Nous avons décidé de vous proposer que la Confédération participe pour un tiers à la couverture des pertes cumulées à la fin de 1997. Sa participation s'élèvera donc à 5 532 000 francs.

Le canton de Fribourg prendra à sa charge deux tiers du montant de l'assainissement, soit 11 064 000 francs. A sa séance du 27 novembre 1998, le Grand Conseil fribourgeois l'a approuvé sans discussion.

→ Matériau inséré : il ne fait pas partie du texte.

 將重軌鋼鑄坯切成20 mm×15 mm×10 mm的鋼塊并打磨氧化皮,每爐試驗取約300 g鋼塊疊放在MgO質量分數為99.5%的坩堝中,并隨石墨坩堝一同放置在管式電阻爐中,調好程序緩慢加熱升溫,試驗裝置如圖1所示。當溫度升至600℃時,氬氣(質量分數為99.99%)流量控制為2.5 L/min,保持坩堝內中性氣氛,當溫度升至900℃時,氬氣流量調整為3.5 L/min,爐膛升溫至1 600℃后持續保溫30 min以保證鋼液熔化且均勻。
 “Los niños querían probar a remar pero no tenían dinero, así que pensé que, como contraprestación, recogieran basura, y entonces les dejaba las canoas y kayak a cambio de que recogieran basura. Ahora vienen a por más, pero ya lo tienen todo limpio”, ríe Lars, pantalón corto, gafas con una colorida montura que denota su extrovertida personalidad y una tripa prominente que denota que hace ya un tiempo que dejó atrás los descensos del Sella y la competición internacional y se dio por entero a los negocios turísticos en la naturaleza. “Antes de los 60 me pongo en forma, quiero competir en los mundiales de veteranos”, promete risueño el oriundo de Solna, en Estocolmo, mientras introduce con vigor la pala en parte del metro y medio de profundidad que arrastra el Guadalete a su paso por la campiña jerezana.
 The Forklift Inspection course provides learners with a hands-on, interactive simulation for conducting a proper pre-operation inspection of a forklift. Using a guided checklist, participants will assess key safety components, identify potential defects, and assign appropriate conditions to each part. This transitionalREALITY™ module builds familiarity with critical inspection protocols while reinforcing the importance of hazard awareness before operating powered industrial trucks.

En revanche, la Confédération et le canton sont convenus de renoncer à une participation des actionnaires privés (environ 6 % du capital social). En vertu du droit sur les sociétés anonymes, les actionnaires ne sont pas tenus d'injecter des fonds supplémentaires. Selon l'enquête de la KPMG Fides, on ne pourrait attribuer qu'une responsabilité réduite à leurs représentants au sein du conseil d'administration. Les contributions à l'assainissement convenues entre la Confédération et le canton de Fribourg ne se fondent donc pas sur leurs portefeuilles d'actions, mais sur une répartition approximative des responsabilités éventuelles, reconnue d'un commun accord.

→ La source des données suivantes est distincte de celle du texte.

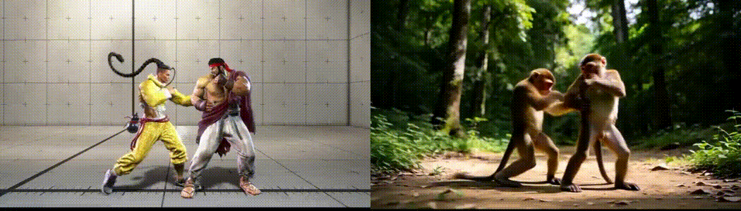 - 精准的多角色调度:SCAIL 能理解复杂的空间逻辑,让多个角色在打斗中保持独立的肢体边界,自然处理前后遮挡与交互接触。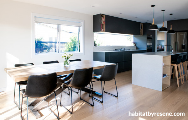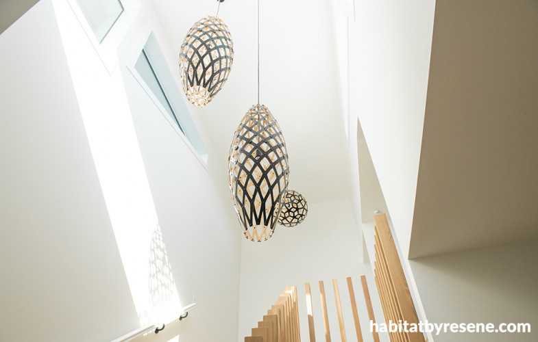 David Trubridge lights and custom-made oak slats are featured in the central stairwell which is the first thing you see when you open the front door. These features are highlighted by the use of crisp Resene Black White on the walls.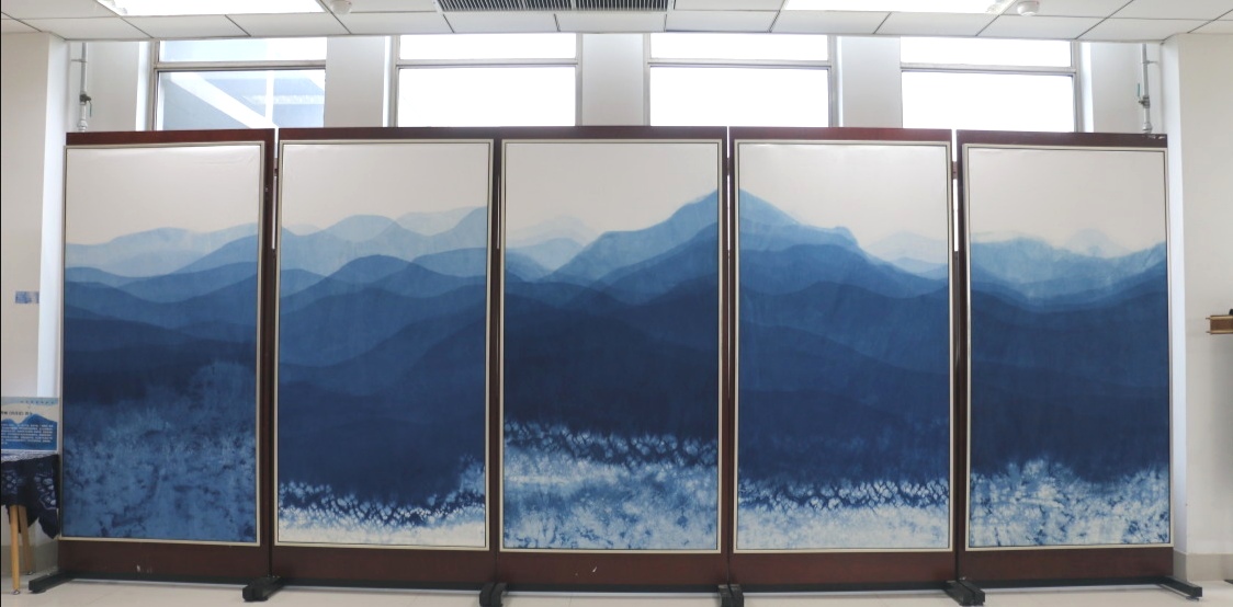 蓝染壁画《山青青》作为本次展览的代表作品之一,凝聚着作者吴慧荣对我校的无比热爱和美好祝福之情。《荀子·劝学》中指出:“青,取之于蓝,而青于蓝。”意思是:靛青这种染料,是从蓝草中提取的,但它的颜色比蓝草更青。世人比喻那些在学业上有所建树的后起之秀。《山青青》这幅作品,就是采用靛蓝古法染色技艺,同时采用传统扎染及吊染的处理方法,反复染色达数十遍之多,使作品呈现出山峦叠嶂,绵延起伏的气势。在山脚下扎染出了满园盛开的桃花,寓意我校桃李满天下,学子们学有所成,前程锦绣,青出于蓝而胜于蓝。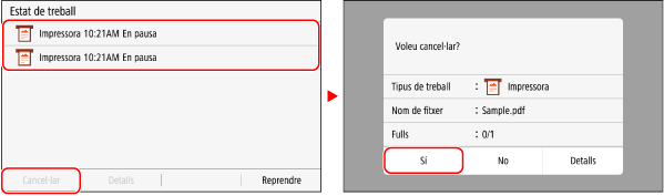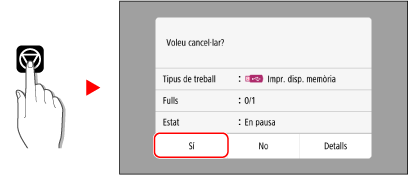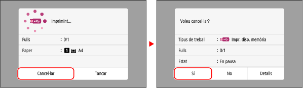 En aquest cas, cancel·leu la impressió mitjançant el tauler de control de l'equip o Remote UI (IU remota).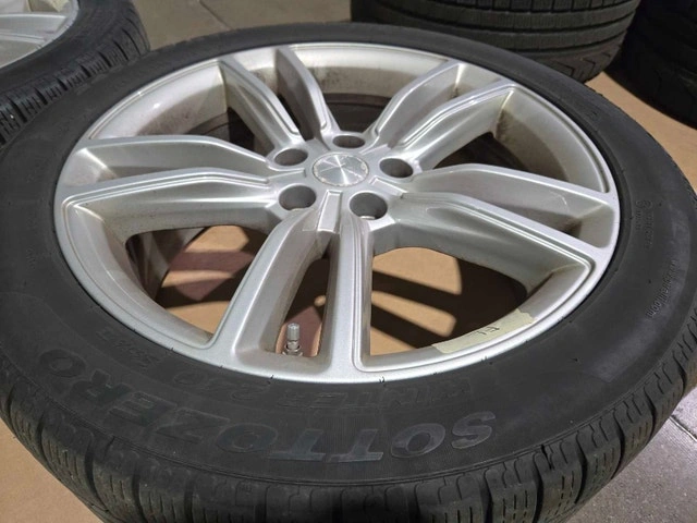These are the winter rims and tires from a 2015 Tesla Model S that was traded in. Could also be used for Summer/all season tires. Wheels are in good condition, just the center caps could be replaced.

Les charges qui ne seraient pas comprises dans les pertes cumulées seront prises en compte dans une deuxième phase d'assainissement. La Confédération n'y participera toutefois pas.

22

Proposition

Par ce message, nous vous proposons d'allouer aux GFM une contribution à fonds perdu de 5'532'000 francs pour qu'ils assainissent leurs finances.

3

Conséquences

31

Conséquences financières et effets sur l'état du personnel

311

Pour la Confédération

La participation financière de la Confédération à l'assainissement est décrite aux ch. 21 et 22. Elle ne figure pas dans le budget de la Confédération et n'a pas de répercussion sur le plan du personnel (voir aussi ch. 141.5)

8482

312

Pour le Canton de Fribourg

La participation du canton de Fribourg à l'assainissement est décrite aux ch. 21 et 22. Le canton a remis son dossier au juge d'instruction, qui examinera la question de la responsabilité pénale et engagera les mesures qui s'imposent.

4

Programme de législature

Le projet concernant l'assainissement des GFM n'est pas annoncé dans le programme de législature 1995­1999. Il est néanmoins urgent, car l'entreprise est menacée dans son existence.

5

Rapport avec le droit européen

Le droit européen n'est pas pertinent pour le projet.

6

Bases juridiques

Le versement d'une contribution à l'assainissement des GFM se fonde sur l'art. 26 cst., selon lequel la législation sur la construction et l'exploitation des chemins de fer est du ressort de la Confédération.

Comme le principe de la légalité s'applique aussi aux aides financières, la participation à l'assainissement des GFM doit reposer sur une base légale explicite. Vu qu'il s'agit d'une contribution unique, l'acte législatif doit être de durée limitée. Selon l'art. 163 nCst., il doit être édicté sous la forme d'une loi fédérale.